--- START ---

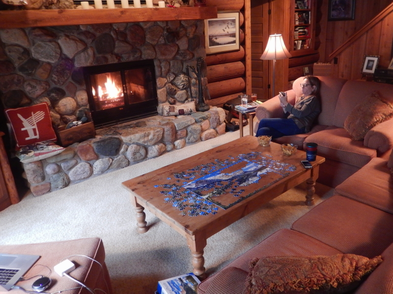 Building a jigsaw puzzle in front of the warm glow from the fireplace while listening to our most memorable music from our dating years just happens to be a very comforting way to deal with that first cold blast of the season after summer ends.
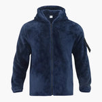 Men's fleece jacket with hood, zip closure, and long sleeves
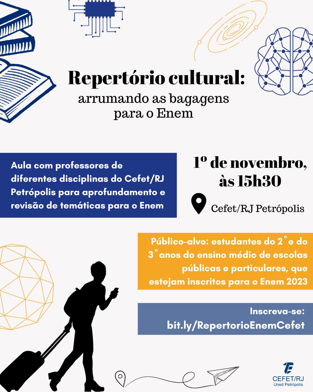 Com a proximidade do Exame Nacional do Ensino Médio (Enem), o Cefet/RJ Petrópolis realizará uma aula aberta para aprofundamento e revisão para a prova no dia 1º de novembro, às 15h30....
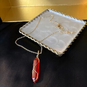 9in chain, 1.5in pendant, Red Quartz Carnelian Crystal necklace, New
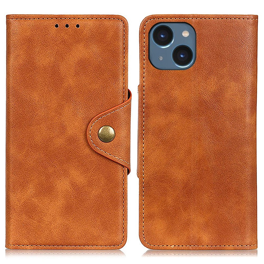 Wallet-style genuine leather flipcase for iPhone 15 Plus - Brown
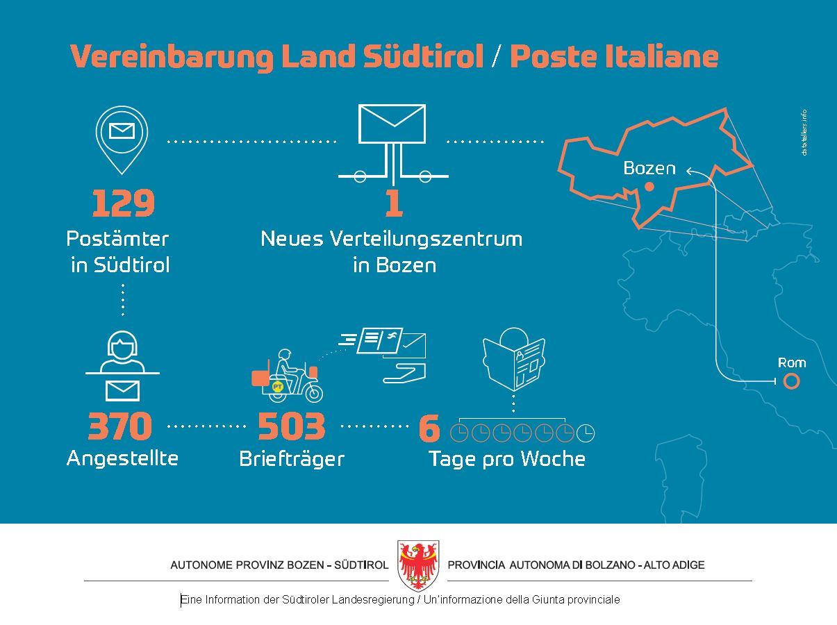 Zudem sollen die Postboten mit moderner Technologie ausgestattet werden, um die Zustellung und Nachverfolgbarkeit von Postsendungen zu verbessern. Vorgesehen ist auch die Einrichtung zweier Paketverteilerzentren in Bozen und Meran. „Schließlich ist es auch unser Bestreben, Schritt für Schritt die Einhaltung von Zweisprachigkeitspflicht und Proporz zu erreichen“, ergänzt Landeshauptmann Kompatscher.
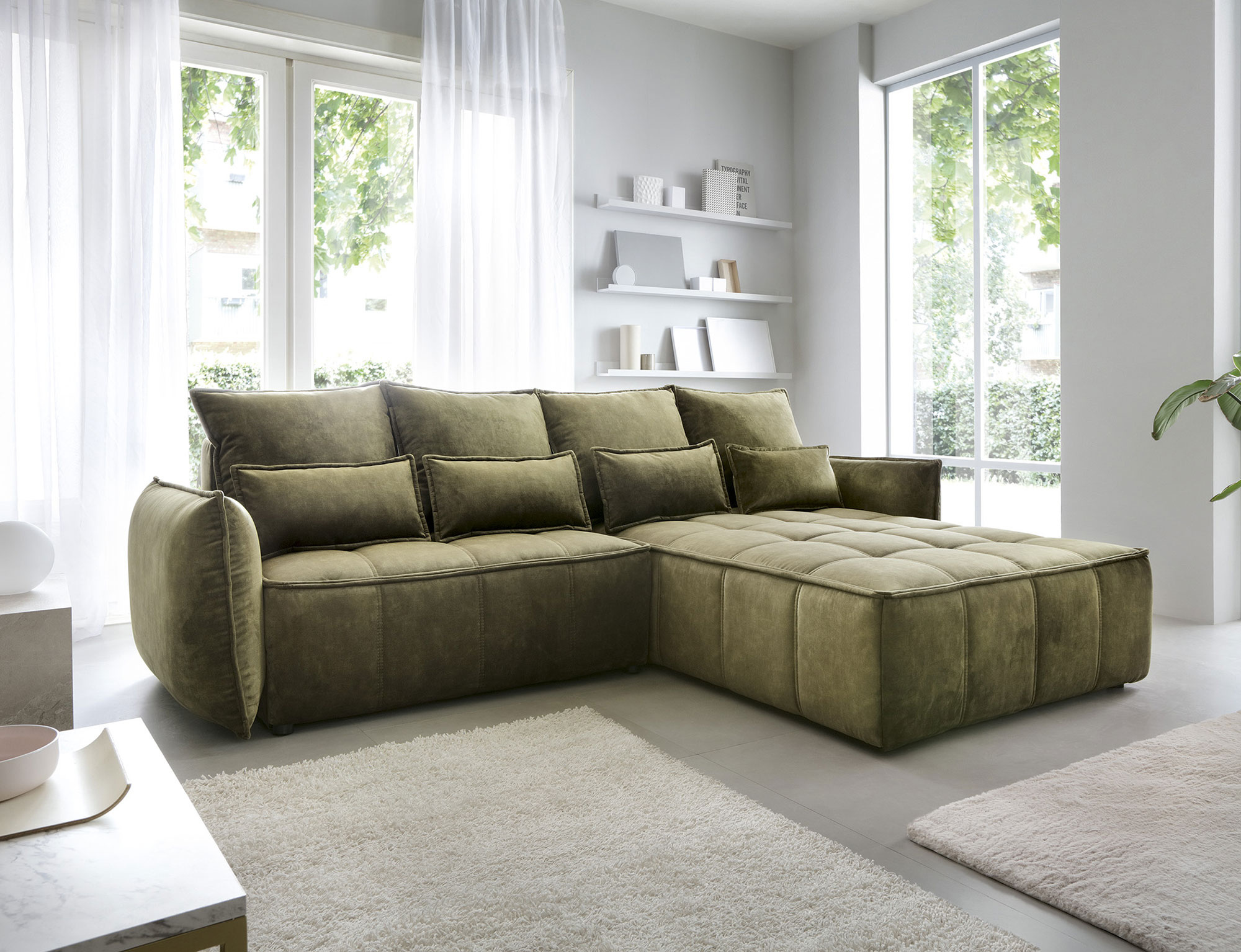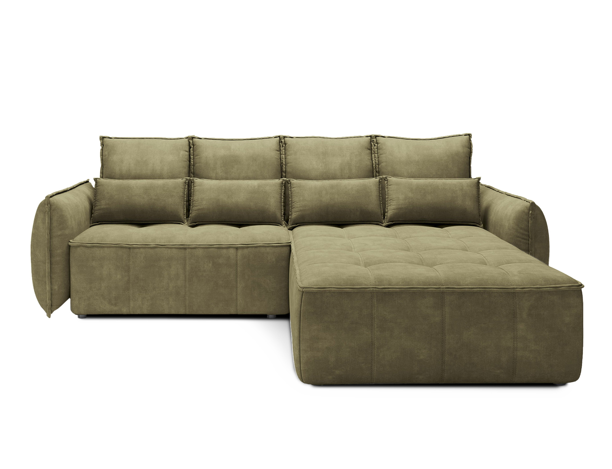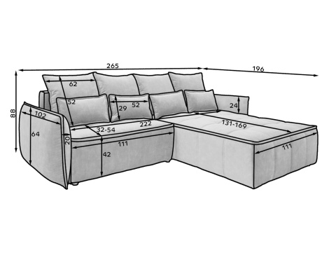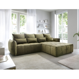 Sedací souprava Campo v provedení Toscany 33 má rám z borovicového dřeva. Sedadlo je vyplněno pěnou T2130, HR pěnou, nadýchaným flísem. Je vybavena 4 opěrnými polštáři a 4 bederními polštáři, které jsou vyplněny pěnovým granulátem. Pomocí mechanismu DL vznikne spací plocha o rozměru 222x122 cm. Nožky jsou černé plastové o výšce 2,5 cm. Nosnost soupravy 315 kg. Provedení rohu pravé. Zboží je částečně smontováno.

--- END ---

Work order
What must be output is the exact run of lines from the one holding "Men's fleece jacket" through the end of the entries above, both ends included, minus the pictures.

Written response
 Men's fleece jacket with hood, zip closure, and long sleeves
 Com a proximidade do Exame Nacional do Ensino Médio (Enem), o Cefet/RJ Petrópolis realizará uma aula aberta para aprofundamento e revisão para a prova no dia 1º de novembro, às 15h30....
 9in chain, 1.5in pendant, Red Quartz Carnelian Crystal necklace, New
 Wallet-style genuine leather flipcase for iPhone 15 Plus - Brown
 Zudem sollen die Postboten mit moderner Technologie ausgestattet werden, um die Zustellung und Nachverfolgbarkeit von Postsendungen zu verbessern. Vorgesehen ist auch die Einrichtung zweier Paketverteilerzentren in Bozen und Meran. „Schließlich ist es auch unser Bestreben, Schritt für Schritt die Einhaltung von Zweisprachigkeitspflicht und Proporz zu erreichen“, ergänzt Landeshauptmann Kompatscher.
 Sedací souprava Campo v provedení Toscany 33 má rám z borovicového dřeva. Sedadlo je vyplněno pěnou T2130, HR pěnou, nadýchaným flísem. Je vybavena 4 opěrnými polštáři a 4 bederními polštáři, které jsou vyplněny pěnovým granulátem. Pomocí mechanismu DL vznikne spací plocha o rozměru 222x122 cm. Nožky jsou černé plastové o výšce 2,5 cm. Nosnost soupravy 315 kg. Provedení rohu pravé. Zboží je částečně smontováno.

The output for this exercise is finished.